Hint: To solve this type of problem we need to know the formula of compound interest because the calculation of population uses parallel concepts as compound interest. Here this question can be solved by using the same concept.

Complete step-by-step answer:
The population of a particular year is given by
\[ \Rightarrow {P_n} = {P_0}{\left( {1 + \dfrac{r}{{100}}} \right)^n}\]
where \[{P_{0}} = \;\]Population in \[1988\]
\[ \Rightarrow {P_n} = \;\] Population in n years after \[1988\]
\[ \Rightarrow r = \;\]Population growth rate
\[ \Rightarrow n = \;\]Number of years after \[1988\]

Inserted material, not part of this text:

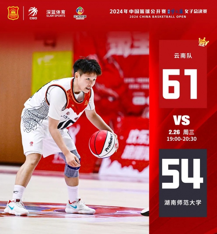 云南队和湖南师范大学在本轮相遇,实力相当的两支球队打得相对胶着。上半场,10平后,湖南师范大学30号赵诗雨两分命中,随后6号沈思榆外线再贡献一个三分球,15-10湖南师范大学超出。云南队依靠6号罗菲和14号娜汉的进攻紧咬比分。半场结束云南队落后湖南师范大学1分。下半场,两队依旧难解难分。在云南队几次外线得分实现反超,14号娜汉外投内突,连续得分,云南队士气大涨,最终云南队61-54战胜湖南师范大学。

Here the total number of years in from \[1988\] to \[2008\] is \[20\] year
\[
  { \Rightarrow {P_0} = 5.4 \times {{10}^7}^{}} \\
  {\Rightarrow n = 20} \\
  {\Rightarrow r = 2.4\% }
\]
Now calculating population in \[2008\]
Apply the formula
\[ \Rightarrow {P_n} = {P_0}{\left( {1 + \dfrac{r}{{100}}} \right)^n}\]
Put all the given values
\[
  { \Rightarrow {P_{2008}} = 5.4 \times {{10}^7}{{\left( {1 + \dfrac{{2.4}}{{100}}} \right)}^{20}}} \\
  { = 5.4 \times {{10}^7} \times 1.60694} \\
  { = 8.677 \times {{10}^7}}
\]
Hence, the population of Andhra Pradesh in 2008 will be \[8.677 \times {10^7}\].
So, the correct answer is “\[8.677 \times {10^7}\].”.

Note: We have seen in this solution that we have used the same formula which we are generally used to calculate the total amount in case of compound interest as the nature by which the population was increasing o demands it.